Also, pull-ups *can* be directly disabled in only 1 way: By writing a '1' to the PUD bit ( PullUp Disable) bit in the SFIOR register. (*Special Function* IO Register). But, I'm not discussing Special Function IO use ! This register is never required to be changed if the user does not use Special Function IO. Therefore the pullups will *always* be enabled in general purpose IO mode.

The PUD bit power-up default value is set to a '0' which means pull-ups on all IO pins are *always* enabled, even if the pin is configured to be an output. Page 52. bottom: "The [Special Function tristate] overriding signals are generated internally in the module having the alternate function." This means if the Alternate Function is *not* enabled, then the user has *no control* over the pullup resistors' tristate. The pull-up will always be connected.

I am using the ATMEGA16 as the example. See pages 48 thru 54 of its data sheet.

Jepael: Nope. I did get the DDR=0 case the right way for general IO functionality. When DDR=0 and PORT=1, these do *not* turn on a weak pull-up. They are always connected. The pull-ups can only be disabled when using Special Purpose IO functions, and this can happen only indirectly by enabling Special Functions. The input tristate disable can only be activated by a Special Function (and SLEEP mode) and not by any direct programming. See Fig. 26 on page 52. If a Special Function is not enabled then programming PUD in SFIOR will have absolutely no effect.

js: The purpose of this thread is to help beginners learn how to program AVR IO in a good (reliable and repeatable) way. This board is a *FORUM* and is not just "question-and-answers". You should already know this and not stoop to adding a snide reply.

Jepal: I'm sorry you didn't get it the first time around. But, no, it is not "still wrong". I hope the further explanations here help clarify what I am trying to get across. Read the manual !!! It's all right there, but the info is somewhat complicated and has to be analyzed carefully.

clawson: I should have stated: "Only outputs can be *directly programmed* to be tristated on or off. Input tristates and pull-up tristates *can not be directly enabled*. Only Special Function modes can allow that.

"As it happens [sic], in an AVR to make a line that does not drive you set DDR=0 and PORT=0."

Rubbish ! If DDR=0 and PORT=1 then the PULL-UP will weakly drive the input pin. This is critically important if the pin is tied to a single pole switch whose other side is tied to ground.

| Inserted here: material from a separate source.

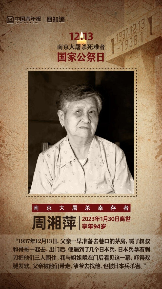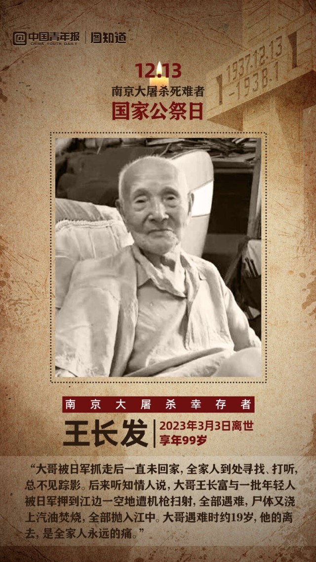 在侵華日軍南京大屠殺遇難同胞紀(jì)念館,有一面南京大屠殺幸存者照片墻。每有一位登記在冊的幸存者離世,就會熄滅一盞燈。但是,他們在生前通過口述等方式將歷史記憶留給了我們。一個個體的生命可能有盡頭,但一個國家、一個民族的記憶將代代相傳。今天是南京大屠殺死難者國家公祭日,共同走近這些老人,他們離去了,但我們可以點亮一盞名為記憶的燈。

John A Brown: Very cute, but, do you have a thought that is actually intelligent to add to this thread ?

LDEVRIES: I used the word "properly" because it may be very difficult to know or remember if the pin configuration registers are still in their power-up default state. By making 2 writes each time to configure a pin as an input it is guaranteed that the input will behave exactly as you want it to. This is the safest method a beginner can use.

Inputs are always "high impedance" even when the (very weak) pull-up resistors are connected (as by power-up default). This is the most important electrical characteristic common all inputs: they must present a relatively high impedance to the drivers. Yes, the circuit designer should specifically add external pull-ups to open collector busses. Figuring out the input conditions for high output impedance drivers is definitely an advanced subject. However, weak digital driver outputs should always be buffered *before* inputting to any digital input, thus completely avoiding any potential problem before it could start. For example, many sensors with digital outputs have very weak drive capabilities.

Using external pull-down resistors isn't quite as hazardous as it might seem at first, but only if the designer is very careful. If the AVR internal pull-up is, say, 10K ohms, then adding an external 5K pulldown resistor will result in a nominal undriven low level input voltage equal to about 1/3rd of VCC. Since the CMOS V_OL(MIN) threshold for inputs is about 1/2 of VCC then the design will be basically sound unless the system is being subjected to abnormally high levels of noise. Still, that gives at least a 1/6'th of VCC noise margin. The designer is still responsible for determining the exact values of the AVR's internal pull-ups and what will be the acceptable noise margin. I'm not implying that this is necessarily easy to figure out, but a beginning designer will never have to face these complicated design decisions.

If, under any circumstances, should a signal line go tristate (i.e., undriven) and there are CMOS inputs connected to that signal line then the line should *always* be designed to have a pull-up resistor. a pull-down resistor or a pull-up/pull-down terminator resistor pair (long buss-line style) tied to it. While floating inputs will not be damaged by external electrical noise signals injected into that data line, the inputs will likely oscillate from the noise and consume excess power. Every IC manufacturer that exist warns about the hazards of letting CMOS input float.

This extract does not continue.